The use of immunosuppressants may reduce the body's immune response to this product.
If you are currently or have recently used any other vaccines or drugs, in order to avoid possible drug interactions, it is recommended to consult a professional physician before inoculating this product.
【Clinical Trials】
In a randomized, blinded, positive-controlled Phase III pivotal registration clinical trial completed in China, a total of 3,000 subjects aged 3 and above were enrolled, 800 subjects aged ≥65 years old, and 700 subjects aged 18-64 years old , 700 people in the 9-17-year-old group, and 800 people in the 3-8-year-old group. The subjects in each age group were randomly inoculated with 1 dose of this product or the quadrivalent influenza virus split vaccine at a ratio of 1:1. Blood samples were collected before and 28 days after immunization, and the titer of influenza virus HI antibody in the subject's serum was detected by the micro-hemagglutination inhibition test method.
The post-influenza virus HI antibody GMT in the whole study group were as follows: H1N1 type 400.39, H3N2 type 436.71, BY type 267.60, BV type 77.80 (see Table 1 for details), and the positive conversion rate of post-free antibody was 82.71% for H1N1 type, 91.22% for H3N2 type, 88.36% for BY type and 84.96% for BV type (see Table 2 for details). The protection rates of post-antibody (≥1:40) were 96.60% for H1N1 type, 97.96% for H3N2 type, 95.92% for BY type and 89.45% for BV type (see Table 2 for details). FAS results are consistent with PPS.
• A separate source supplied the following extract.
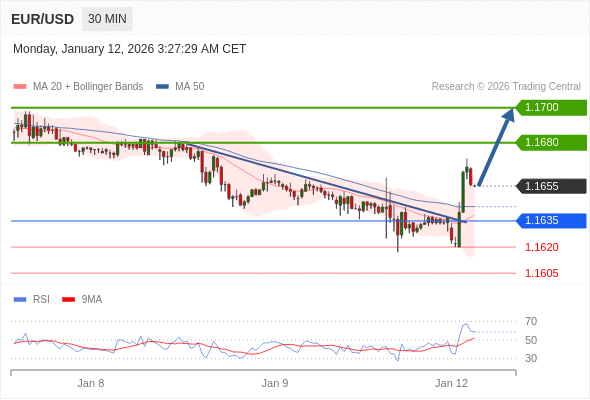 在 1.1635 之上,看涨,目标价位为 1.1680 ,然后为 1.1700 。
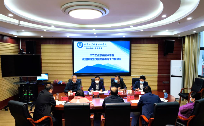 10月8日下午,畢節工業職業技術學院召開疫情防控暨校園安全穩定工作推進會,傳達相關文件精神,并對疫情防控和安全穩定相關工作作安排部署。市教育局疫情防控督查組蘭明組長、成員張鵬飛,學院黨委書記李涌,黨委副書記、院長邱國援,黨委副書記付善華,黨委委員、副院長黃瑛、吳家文、黃河、黃文碧出席會議,相關部門負責人及工作人員參加會議。

table1. The whole study population was free of after-antibodiesGMTandGMIAnalysis (.PPSset)
Type of antibody |
Constituencies
|
Number of detections
|
antibodyGMT(95%CI)
|
GMTRatio (95%CI)
|
antibodyGMI(95%CI)
|
|
H1N1
|
Experimental group
|
1469
|
400.39(377.13~425.09)
|
1.201(1.107~1.303)
|
11.84(11.06~12.67)
|
|
Control group
|
1480
|
333.46(315.49~352.46)
|
|
9.90(9.24~10.61)
|
|
H3N2
|
Experimental group
|
1469
|
436.71(410.88~464.16)
|
1.137(1.043~1.240)
|
16.66(15.70~17.68)
|
|
Control group
|
1480
|
384.13(361.25~408.45)
|
|
14.05(13.21~14.95)
|
|
B(Y)
|
Experimental group
|
1469
|
267.60(251.98~284.19)
|
1.481(1.362~1.611)
|
12.58(11.85~13.35)
|
|
Control group
|
1480
|
180.63(170.32~191.57)
|
|
8.45(7.99~8.93)
|
|
B(V)
|
Experimental group
|
1469
|
77.80(73.50~82.36)
|
1.146(1.058~1.241)
|
9.76(9.28~10.27)
|
|
Control group
|
1480
|
67.90(64.21~71.81)
|
|
8.34(7.92~8.77)
|
Note: The virus strain types contained in the vaccines of the experimental group and the control group: H1N1 type is A/Brisbane/02/2018 (H1N1) pdm09-like virus strain, H3N2 type is A/Kansas/14/2017 (H3N2)-like virus strain, B(Y) type is B/Phuket/3073/2013-like virus (B/Yamagata/16/88 lineage) strain, Type B(V) is a B/Colorado/06/2017-like virus (B/Victoria/2/87 lineage) strain.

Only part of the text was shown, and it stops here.